*** Exercise data
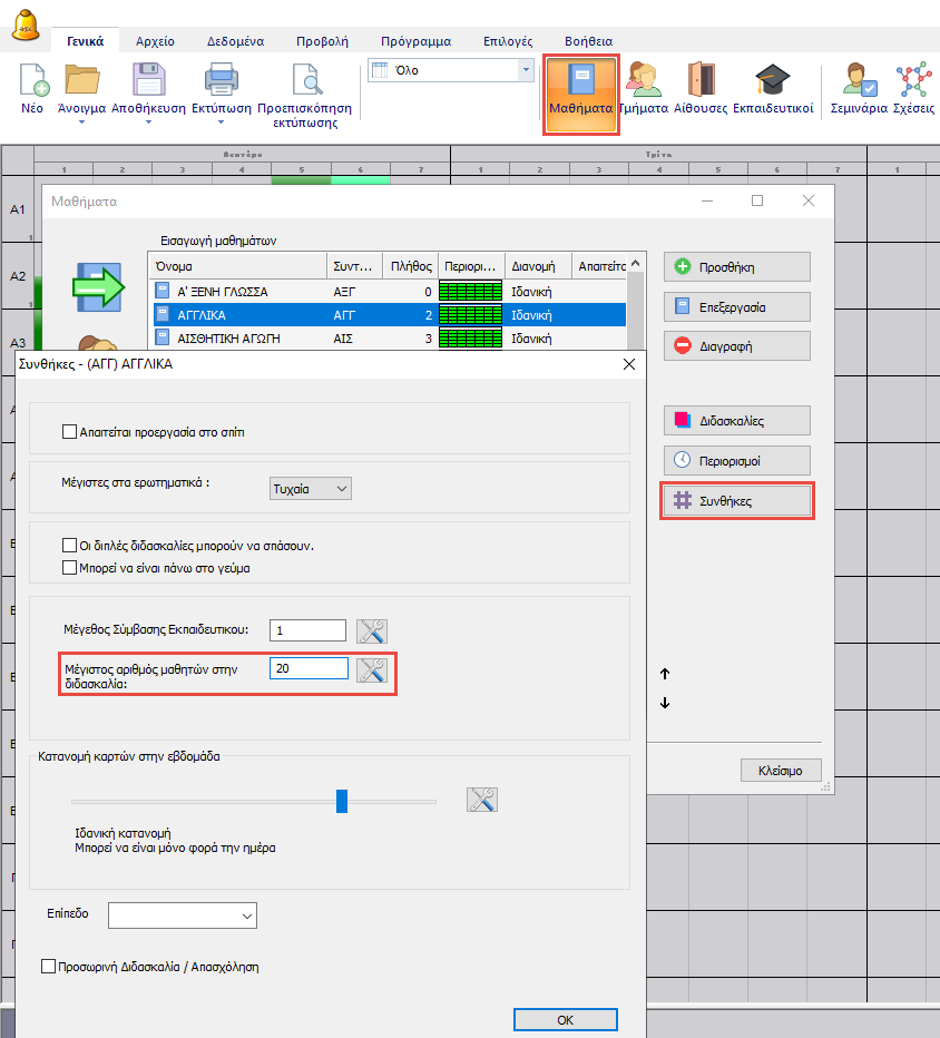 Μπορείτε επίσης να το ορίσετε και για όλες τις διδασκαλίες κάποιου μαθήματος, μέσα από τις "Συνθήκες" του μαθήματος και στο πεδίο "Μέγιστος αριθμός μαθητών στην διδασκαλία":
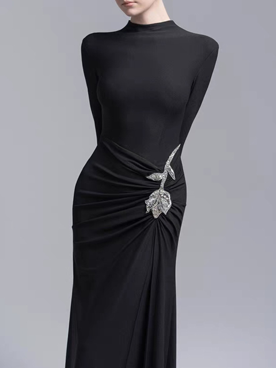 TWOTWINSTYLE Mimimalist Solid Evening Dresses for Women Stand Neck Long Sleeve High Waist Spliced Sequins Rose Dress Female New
******
*** Exercise data
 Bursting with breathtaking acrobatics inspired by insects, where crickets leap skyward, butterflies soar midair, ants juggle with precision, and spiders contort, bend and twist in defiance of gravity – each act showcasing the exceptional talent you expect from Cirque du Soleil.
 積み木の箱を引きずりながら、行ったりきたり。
******
*** Exercise data
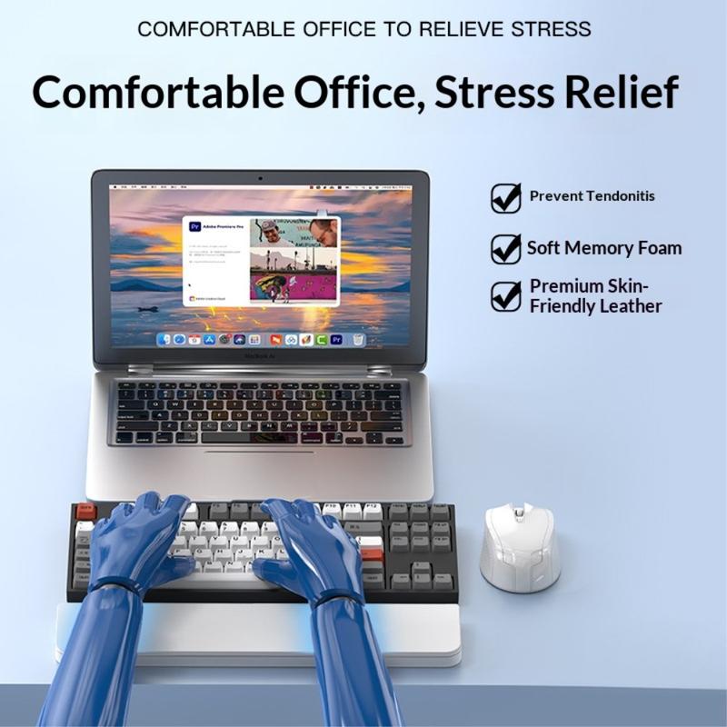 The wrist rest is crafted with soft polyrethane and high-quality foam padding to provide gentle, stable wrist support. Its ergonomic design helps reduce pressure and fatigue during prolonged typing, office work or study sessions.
******
Restate word for word the lines of the data above, starting at the line containing "Bursting with breathtaking" and ending at the line containing "積み木の箱を引きずりながら、行ったりきたり。", both included, and nothing more.

Problem solution:
 Bursting with breathtaking acrobatics inspired by insects, where crickets leap skyward, butterflies soar midair, ants juggle with precision, and spiders contort, bend and twist in defiance of gravity – each act showcasing the exceptional talent you expect from Cirque du Soleil.
 積み木の箱を引きずりながら、行ったりきたり。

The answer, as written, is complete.